I'm not so great with math, but I didn't suck, and if I really took my time I could learn more (I learn a lot on my own, by the way. class structure pisses me off sometimes). what do you guys think? is there any hope, or do you really have to be hardcore to get anywhere without a compsci degree?


----------



## Ninjaboi (Dec 27, 2010)

Hello scootmfrost.

You can honestly do both anthropology as well as programming. They are both great careers to go into, and each is suited for a specific person. If you enjoy both, do both! You probably will have to pick a primary and a secondary between the two, and that is up to you to do so. Programming does require basic math with basic programs, but will require far more as you delve in. If you just planning on doing it as a hobby, your current math skills should do just fine with a few good references by your side.

If you deciding to choose one or the other, then that's also up to you. Do you have more fun "digging up arrowheads" or programming? Try to do what you love, so you always feel happy doing what you do, and getting paid to do it!

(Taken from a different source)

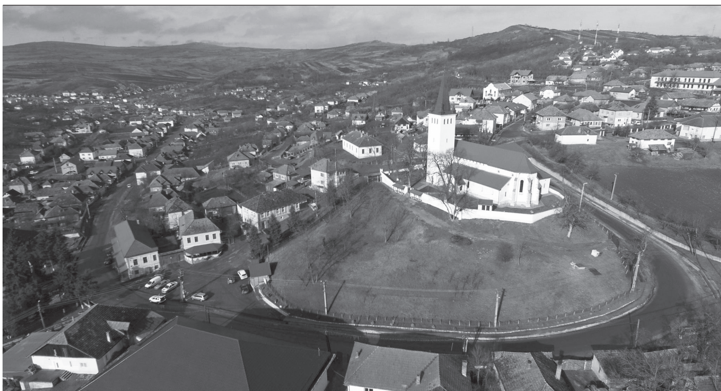
Szék látképe, a műemlék templommal. Veress László felvétele, 2016

a kutyánk megkergette a libáit –, mindig égre emelt ököllel átkozta a fajtánkat, és kutyafejű tatároknak nevezett bennünket, ami engem arra készítetett, hogy már egészen kis koromban arról faggassam szüleimet és főleg nagyszüleimet, hogy miben is gyökerezik ez az állítás? Ilyen formán már korán olyan információknak jutottam birtokába, amelyek annyira megmozgatták a fantáziámat, hogy aztán egész további életemben ennek a témának lettem a megszállottja. Amikor minden nyáron a zsúfolásig megtelt óriási református templomunkban, augusztus 24-én, Szent Bertalan napján az istentisztelet alkalmával a lekipásztor felolvasta a Memoriálét, és benne az ősök fogadalmát, libabőrösen távoztam a templomból, s egész nap valamilyen átszellemült hangulatban lebegtem a képzelet és valóság között. Hát hogyne, amikor arról

So in short, yes there is hope for you.


----------



## -WOLF- (Jan 17, 2009)

you might even want to lean towards a software engineer or something, since you have math and programming. that way you're able to get into some serious coding and expand your language base.


----------



## jassmine12 (Mar 14, 2011)

I don't know *anthropology is?
*


----------



## -WOLF- (Jan 17, 2009)

jassmine12 said:


> I don't know *anthropology is?
> *


Anthropology is the study of humanity. Anthropology has origins in the natural sciences, the humanities, and the social sciences.


----------



## dreadtech (Mar 9, 2011)

I love anthro, and the social sciences as a whole. BUT, I knew it would be very difficult obtaining employment in this field. I had friends who were History majors working on their masters who were unemployed. I did not want to be in the same boat. Therfore, I got my degrees in the Technology field, but companies till this day seem not to care about my degrees. They care more so about my 3-4 yrs experience and IT certifications. I would like to go back for school and possibly get my Masters in Global sociocultural studies or African diaspora studies, also then move on to the PHD level. Unfortunately, to obtain employment easier within the social sciences you need higher degrees like a Masters and PHD. IT has kept me employed and busy, even during the recession I've been unemployed only a few months. In 2010 I was only unemployed one month.


----------